_Work required_.
Keep the pictures out while you transcribe the listing below exactly.

_Supplied data_.
== Segment start ==
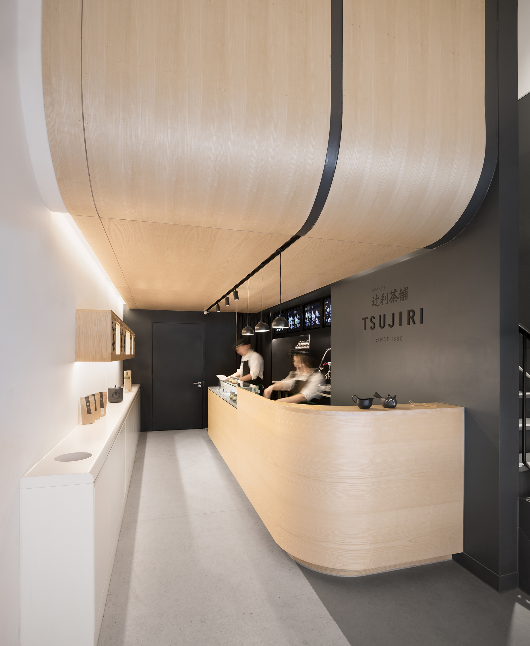 The design of Tsujiri’s new London shop aims for a sense of simplicity through the use of large uninterrupted surfaces as it draws inspiration from traditional Japanese art and architecture. Detail and intricacy come through the materiality of these surfaces as in the grains of the timber ceiling and stone countertop.
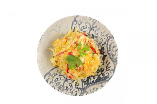 Varza, morcov, apio, ardei, patrunjel, oregano, ulei masline extravirgin, lamaie
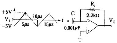 다음과 같이 미분 연산증폭기에 삼각파 입력이 공급될 때, 출력전압의 범위는?
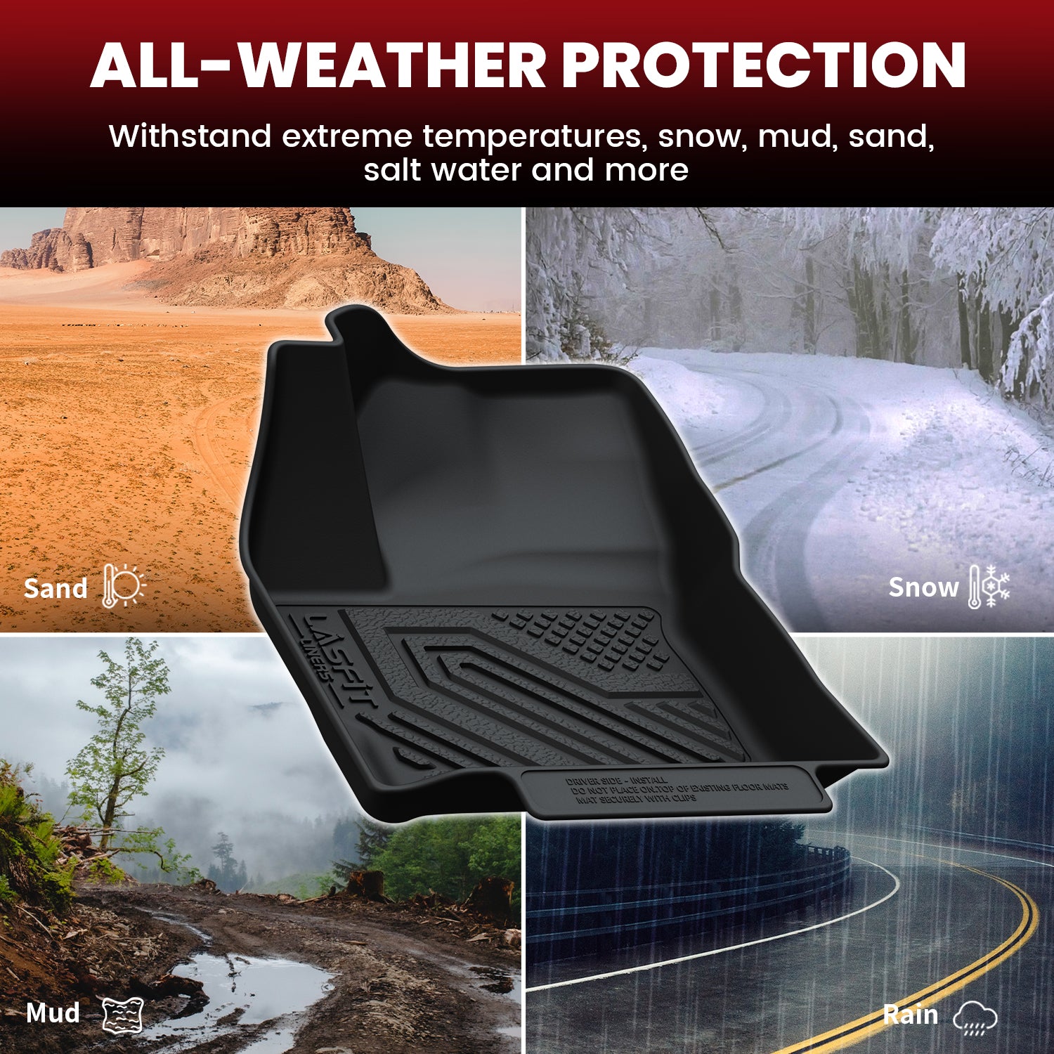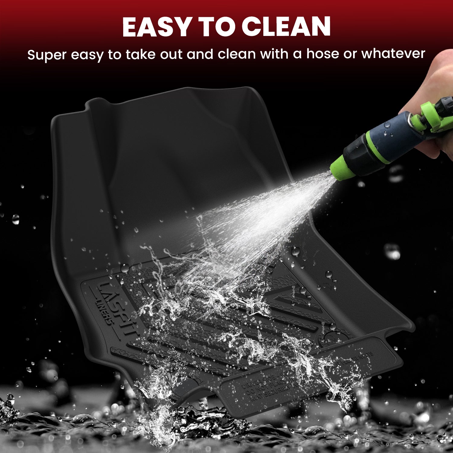Built for all-weather performance, Lasfit’s floor and cargo liners are waterproof, stain-resistant, and anti-slip—perfect for handling rain, slush, snow, and mud. Their rugged construction resists cracking and curling even in freezing temperatures. Reinforced raised edges help contain spills and messes, while the easy-clean surface ensures your mats look fresh with just a quick rinse. Designed to perform and last, these mats deliver durability and convenience with every drive.
== Segment end ==
_Result for this exercise_.
 The design of Tsujiri’s new London shop aims for a sense of simplicity through the use of large uninterrupted surfaces as it draws inspiration from traditional Japanese art and architecture. Detail and intricacy come through the materiality of these surfaces as in the grains of the timber ceiling and stone countertop.
 Varza, morcov, apio, ardei, patrunjel, oregano, ulei masline extravirgin, lamaie
 다음과 같이 미분 연산증폭기에 삼각파 입력이 공급될 때, 출력전압의 범위는?
Built for all-weather performance, Lasfit’s floor and cargo liners are waterproof, stain-resistant, and anti-slip—perfect for handling rain, slush, snow, and mud. Their rugged construction resists cracking and curling even in freezing temperatures. Reinforced raised edges help contain spills and messes, while the easy-clean surface ensures your mats look fresh with just a quick rinse. Designed to perform and last, these mats deliver durability and convenience with every drive.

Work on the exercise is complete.